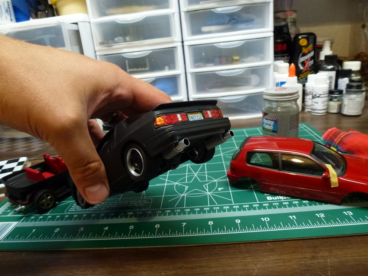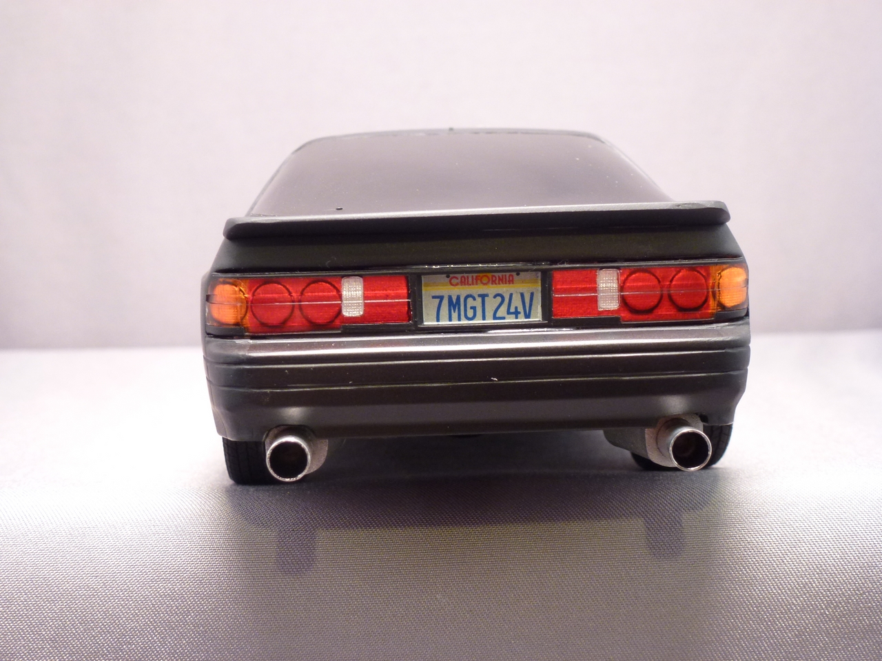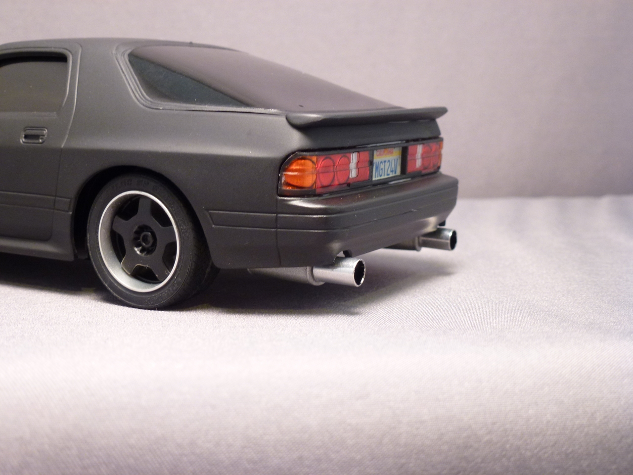 In 2012, I decided that this kit needed mufflers and tail pipes. In keeping with the tuner look, I chose an over-sized aluminum tube to finish it.
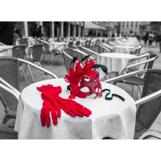 Female hand gloves with Venetian mask on cafe table, Venice, Italy Black Modern Wood Framed Art Print by Frank, Assaf
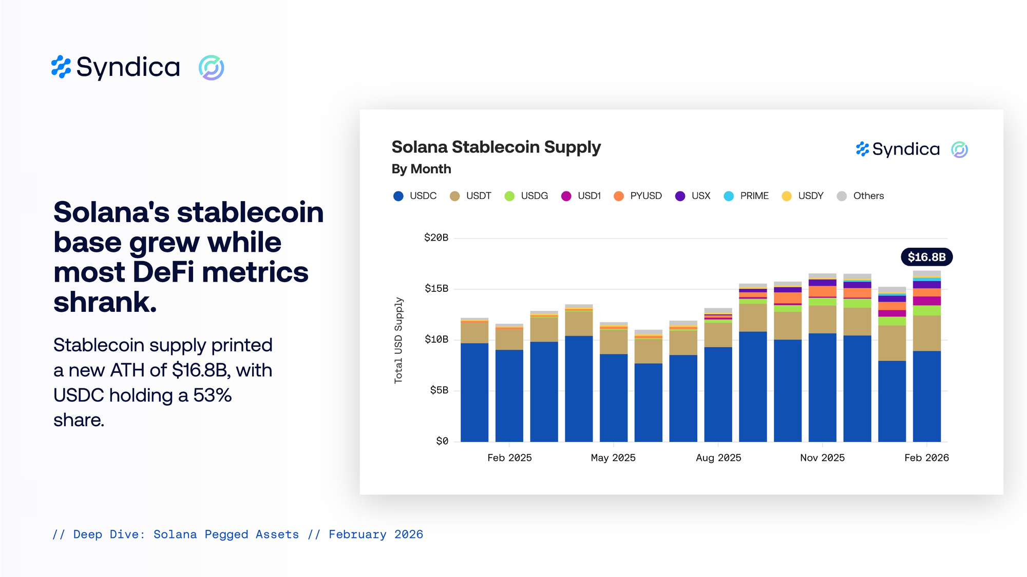 Stablecoin supply printed a new ATH of $16.8B, with USDC holding a 53% share.
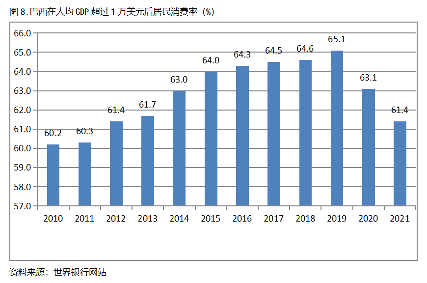 巴西在人均GDP超過1萬美元后的12年期間,居民消費(fèi)率基本上保持在60.0%以上,也呈現(xiàn)出較長時(shí)間的提高,但后兩年也出現(xiàn)小幅的回落。巴西在2010年人均GDP超過1萬美元,當(dāng)年居民消費(fèi)率為60.2%,2019提高到65.1%,隨后兩年出現(xiàn)回落,2021年為61.4%,也就是說,巴西在人均GDP超過1萬美元后的12年期間,居民消費(fèi)率由當(dāng)年的60.2%提高到2019年最高的65.1%,共提高了4.9個(gè)百分點(diǎn)。
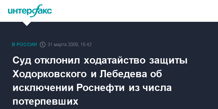Москва. 31 марта. INTERFAX.RU - Хамовнический суд Москвы отказался исключить из числа потерпевших и гражданских лиц "Роснефть" и Федеральное агентство по управлению госимуществом РФ по второму уголовному делу в отношении экс-главы НК "ЮКОС" Михаила Ходорковского и бывшего главы МФО "МЕНАТЕП" Платона Лебедева.
※
Apart from the pictures, the entries above are to be repeated in full and exactly.

» **Finished exercise**:
 In 2012, I decided that this kit needed mufflers and tail pipes. In keeping with the tuner look, I chose an over-sized aluminum tube to finish it.
 Female hand gloves with Venetian mask on cafe table, Venice, Italy Black Modern Wood Framed Art Print by Frank, Assaf
 Stablecoin supply printed a new ATH of $16.8B, with USDC holding a 53% share.
 巴西在人均GDP超過1萬美元后的12年期間,居民消費(fèi)率基本上保持在60.0%以上,也呈現(xiàn)出較長時(shí)間的提高,但后兩年也出現(xiàn)小幅的回落。巴西在2010年人均GDP超過1萬美元,當(dāng)年居民消費(fèi)率為60.2%,2019提高到65.1%,隨后兩年出現(xiàn)回落,2021年為61.4%,也就是說,巴西在人均GDP超過1萬美元后的12年期間,居民消費(fèi)率由當(dāng)年的60.2%提高到2019年最高的65.1%,共提高了4.9個(gè)百分點(diǎn)。
Москва. 31 марта. INTERFAX.RU - Хамовнический суд Москвы отказался исключить из числа потерпевших и гражданских лиц "Роснефть" и Федеральное агентство по управлению госимуществом РФ по второму уголовному делу в отношении экс-главы НК "ЮКОС" Михаила Ходорковского и бывшего главы МФО "МЕНАТЕП" Платона Лебедева.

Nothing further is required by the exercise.